This gives us \[ \frac{1}{\hat\lambda} = \bar x \quad \Rightarrow \quad \hat \lambda = \bar x ^{-1} = \frac{4}{13}.\]
Example 2 - Gamma Distribution.
Suppose instead that we had a two parameter model for our data generating process, such as the gamma distribution. In this case, we proceed in much the same way, but to estimate the two parameters of this model we must equate the first two moments of the sample and the model, and then solve those equations simultaneously.
If \(Y_1, \ldots, Y_n \overset{\text{i.i.d.}}{\sim} \text{Gamma}(\alpha, \beta)\), then
\[f_X(x) = \frac{\beta ^ \alpha}{\Gamma(\alpha)} x^{\alpha - 1} \exp{-\beta x} \mathbb{I}[x > 0].\]
We can calculate the first two moments of the gamma distribution directly using this probability density function. Alternatively, we might obtain these using the known closed forms for the mean and variance of a Gamma random variable:
\[\mu_1 = \mathbb{E}[Y] = \frac{\alpha}{\beta};\]
\[\begin{align*}
\mu_2 = \mathbb{E}[Y^2] &= \text{Var}(Y) + \mathbb{E}[Y]^2 \\
&= \frac{\alpha}{\beta^2} + \left(\frac{\alpha}{\beta}\right)^2 \\
&= \frac{\alpha + \alpha^2}{\beta^2}.
\end{align*}\]
Equating these to the sample moments we get the system of simultaneous equations that we need to solve:
\[\begin{equation}
\bar x = \frac{\alpha}{\beta} \quad \quad \frac{1}{n}\sum_{i=1}^{n} x_i^2 = \frac{\alpha + \alpha^2}{\beta^2}.
\end{equation}\]
Suppose \(\hat \alpha\) and \(\hat \beta\) satisfy both of these equations. By rearrangement of the first equation we can express \(\hat \alpha = \hat \beta \bar x\).
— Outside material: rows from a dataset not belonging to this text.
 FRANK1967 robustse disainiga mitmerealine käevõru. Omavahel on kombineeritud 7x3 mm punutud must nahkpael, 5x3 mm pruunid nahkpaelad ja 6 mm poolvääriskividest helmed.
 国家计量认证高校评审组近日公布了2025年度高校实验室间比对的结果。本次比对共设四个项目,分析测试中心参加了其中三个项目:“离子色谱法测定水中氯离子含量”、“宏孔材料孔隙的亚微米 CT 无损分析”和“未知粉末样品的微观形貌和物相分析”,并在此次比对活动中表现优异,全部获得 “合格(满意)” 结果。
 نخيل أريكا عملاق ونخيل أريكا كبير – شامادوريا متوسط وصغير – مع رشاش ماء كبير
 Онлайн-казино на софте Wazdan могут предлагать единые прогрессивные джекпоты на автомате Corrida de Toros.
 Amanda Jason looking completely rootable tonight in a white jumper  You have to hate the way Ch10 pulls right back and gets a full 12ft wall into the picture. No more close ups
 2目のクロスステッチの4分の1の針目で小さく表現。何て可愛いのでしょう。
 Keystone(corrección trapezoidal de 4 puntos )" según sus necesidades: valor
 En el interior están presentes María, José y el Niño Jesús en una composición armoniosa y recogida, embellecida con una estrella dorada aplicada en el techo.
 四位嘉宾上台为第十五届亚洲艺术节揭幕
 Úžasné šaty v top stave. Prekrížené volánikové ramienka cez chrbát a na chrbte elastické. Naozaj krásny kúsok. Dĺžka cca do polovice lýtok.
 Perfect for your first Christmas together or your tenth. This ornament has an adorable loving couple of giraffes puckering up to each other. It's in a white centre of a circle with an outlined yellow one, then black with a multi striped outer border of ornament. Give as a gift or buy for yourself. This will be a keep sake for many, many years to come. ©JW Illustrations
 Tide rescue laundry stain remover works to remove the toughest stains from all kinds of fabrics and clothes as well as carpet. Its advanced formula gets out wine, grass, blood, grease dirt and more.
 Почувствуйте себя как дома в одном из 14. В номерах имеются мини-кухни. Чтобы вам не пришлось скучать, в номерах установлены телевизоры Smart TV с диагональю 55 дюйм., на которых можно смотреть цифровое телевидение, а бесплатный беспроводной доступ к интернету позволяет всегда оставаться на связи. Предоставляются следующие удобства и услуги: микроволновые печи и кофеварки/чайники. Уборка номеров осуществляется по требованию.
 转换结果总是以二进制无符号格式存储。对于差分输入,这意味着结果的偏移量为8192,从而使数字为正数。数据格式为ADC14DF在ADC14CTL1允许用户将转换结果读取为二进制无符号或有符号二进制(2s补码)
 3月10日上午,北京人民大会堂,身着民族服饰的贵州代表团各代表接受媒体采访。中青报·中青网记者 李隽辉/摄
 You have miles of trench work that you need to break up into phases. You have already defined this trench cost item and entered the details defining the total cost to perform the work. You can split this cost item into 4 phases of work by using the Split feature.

Substituting this into the second equation we find that:
\[\begin{align*}
\frac{1}{n} \sum_{i=1}^{n} x_i ^2 = \frac{\hat \beta \bar x + (\hat \beta \bar x)^2}{\hat \beta^2}
\quad
\Rightarrow
\quad
\hat\beta = \frac{\bar x}{\sum_{i=1}^{n} x_i^2 - \bar x^2}.
\end{align*}\]
This can then be substituted back into the fist equation to find that
\[\hat \alpha = \frac{\bar x^2}{\sum_{i=1}^{n} x_i^2 - \bar x^2}.\]
And so, we have found the method of moments estimators \(\hat \alpha\) and \(\hat \beta\) for our two model parameters \(\alpha\) and \(\beta\).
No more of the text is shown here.